After his death, a list of books he intended to donate to the Louisville Masonic Widows and Orphans Home was found on his desk. After the note was discovered, cash gifts and book donations swelled the library to contain 6,000 volumes. In March 1944, the library was rededicated as the "Richard Priest Dietzman Memorial Library."

In a letter to the Courier-Journal following his defeat in 1934, dean emeritus Alvin E. Evans of the University of Kentucky College of Law wrote about Dietzman's place in the state's judicial history: "Judge Dietzman's opinions and his reasoning powers rank favorably with any judge who ever sat on the bench of the highest court in Kentucky ... [h]e performed a conspicuous service upon the bench. No problem or point of view found him cold. He is a sound, liberal, industrious and brilliant lawyer."

A portrait of Dietzman was presented to the Kentucky Court of Appeals by his wife in 1945.

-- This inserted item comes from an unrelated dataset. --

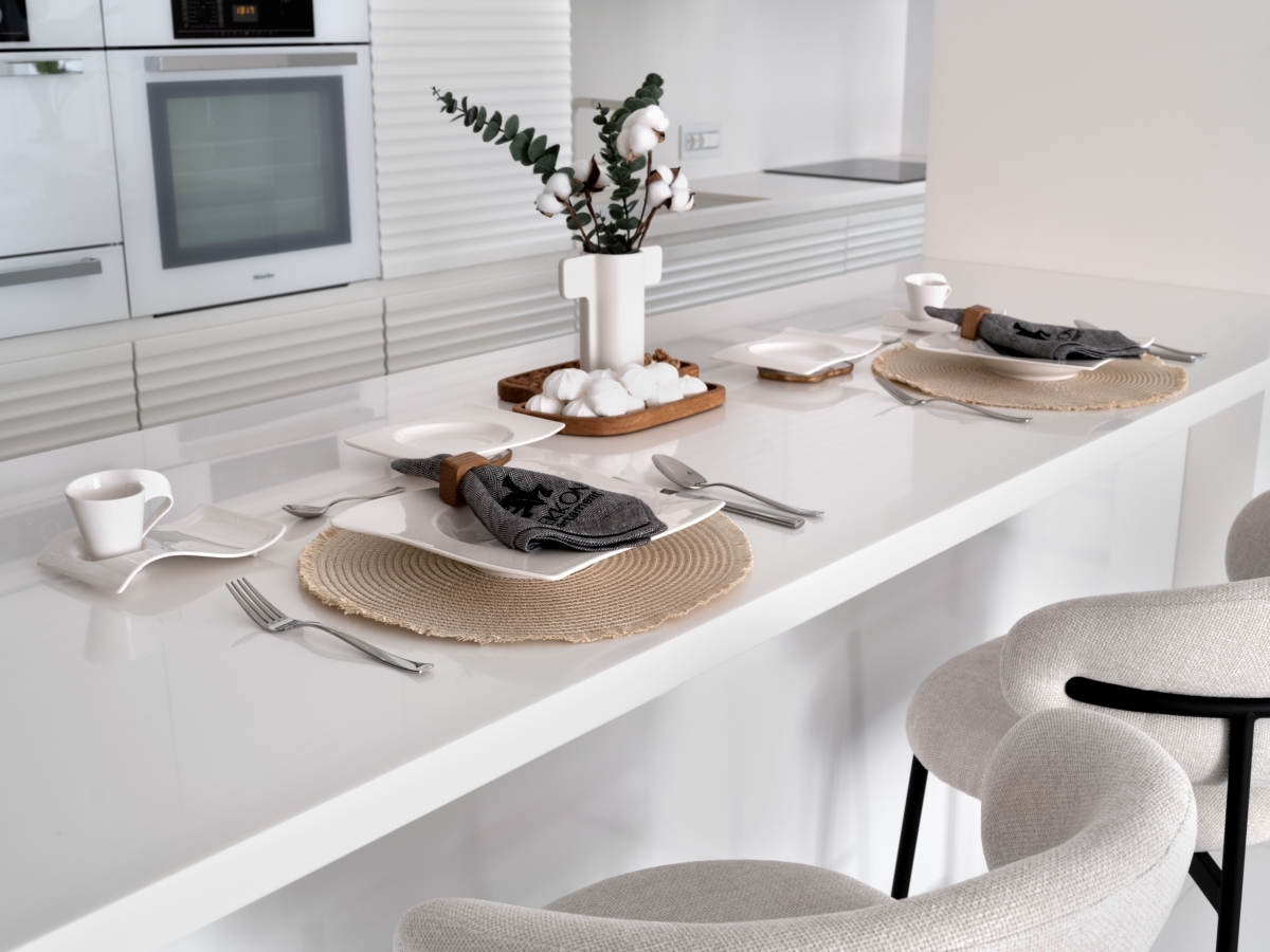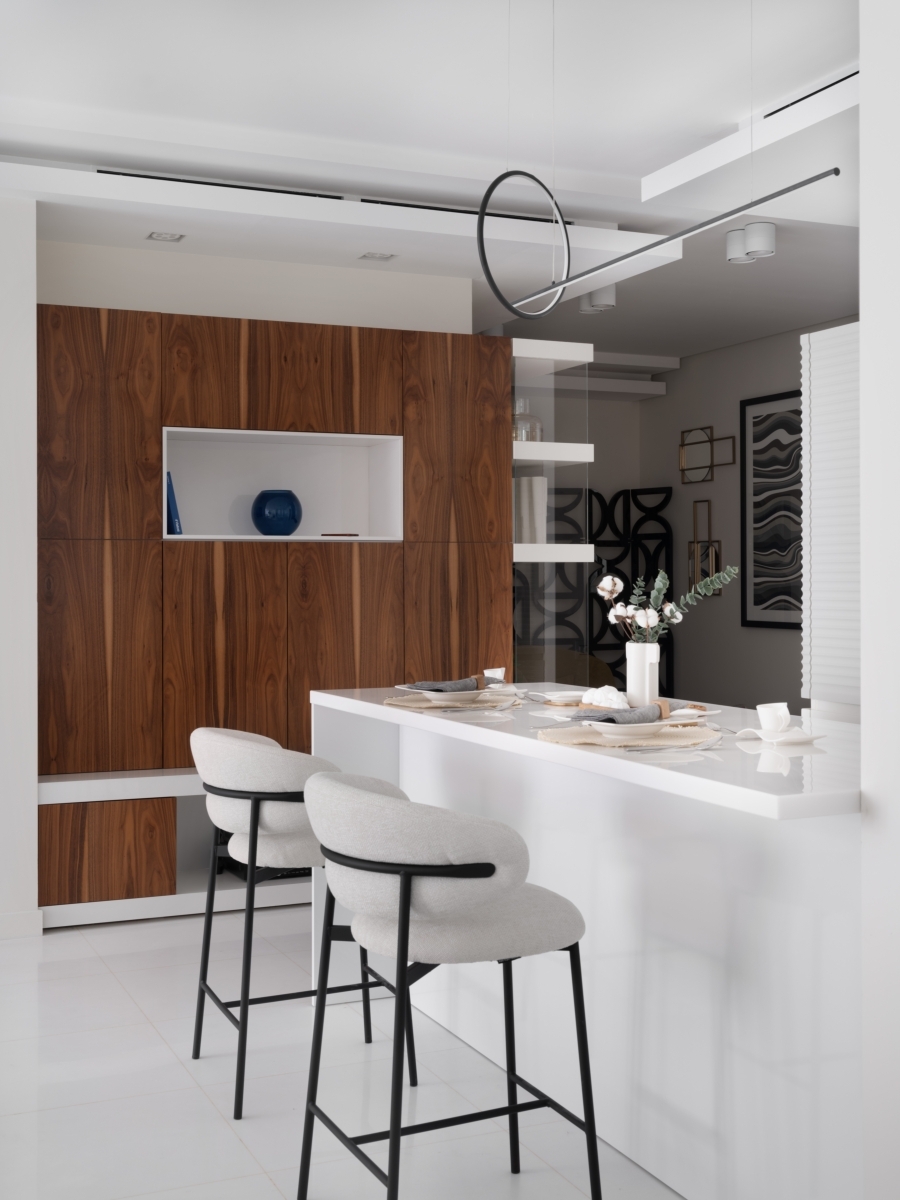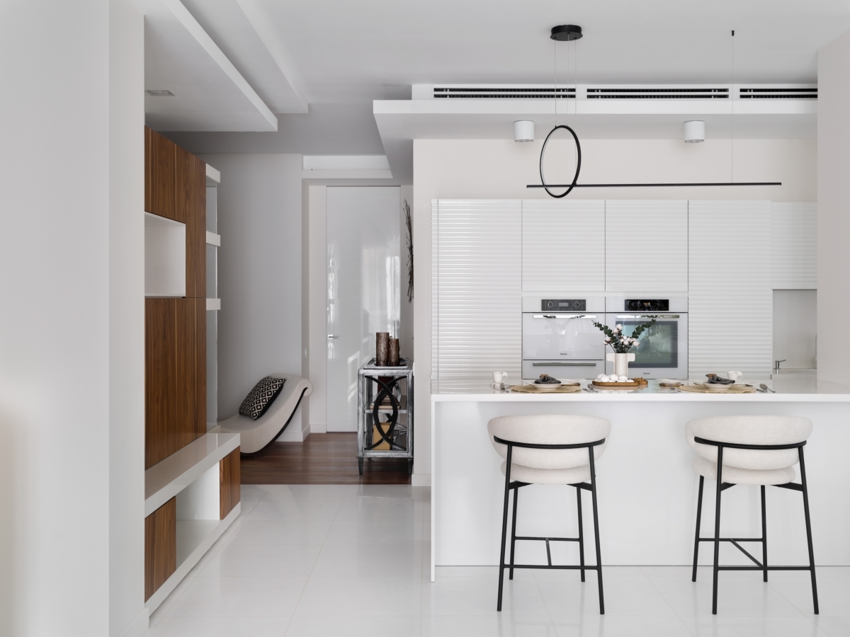 Зона кухни. Белые глянцевые фасады отражают потоки света из панорамных окон и делают кухню визуально более просторной. Кухня изготовлена на заказ (МДФ, эмаль под высоким глянцем), Алексия Братушкова. Столешница выполнена из кварцевого агломерата «Белая Тайга» от АВАРУС, «ГримаСтоун». Техника, Miele (Миле). Барные стулья, Adele (Адель). Светильники, Rum24 (Рум24). Зона кухни. Белые глянцевые фасады отражают потоки света из панорамных окон и делают кухню визуально более просторной. Кухня изготовлена на заказ (МДФ, эмаль под высоким глянцем), Алексия Братушкова. Столешница выполнена из кварцевого агломерата «Белая Тайга» от АВАРУС, «ГримаСтоун». Техника, Miele (Миле). Барные стулья, Adele (Адель). Светильники, Rum24 (Рум24).

In November 1963, Governor Bert Combs called the General Assembly into a special session in-part to address issues which had become prevalent concerning Kentucky's judicial branch. Among them, Combs called for judiciary elections to be made nonpartisan, citing the electoral defeats of Dietzman and Simeon Willis as depriving the state of "two of our ablest appellate judges" due to "a shift in party strength –– a shift which ha[d] no relation to their individual capacities as judges." While not enacted during that special session, nonpartisan judicial elections later became law as part of the judicial reform article of 1976.

== Publications ==

=== Articles ===

- Dietzman, Richard Priest, "The Practice Act of 1930." Kentucky Law Journal 22, no. 1 (1933): 92–98.
- Dietzman, Richard Priest, "Constitutional Limitations on Public Indebtedness." Kentucky Law Journal 20, no. 1 (1931): 75–92.
- Dietzman, Richard Priest, "The Kentucky Law Reports and Reporters." Kentucky Law Journal 16, no. 1 (1927): 16–27.
- Dietzman, Richard Priest, "The Four Constitutions of Kentucky." Kentucky Law Journal 15, no. 2 (1927): 116–127.

=== Book reviews ===

- Dietzman, Richard Priest, “The Critical Court Struggle in Kentucky, by Arndt M. Stickles.” Kentucky Law Journal 18, no. 2 (1930): 199–200.

=== Books ===

- Carroll, John D., and Richard Priest Dietzman. Carroll’s Kentucky Statutes Annotated. 8th ed. Edited by William Edward Baldwin. Banks-Baldwin Publishing Company, 1933.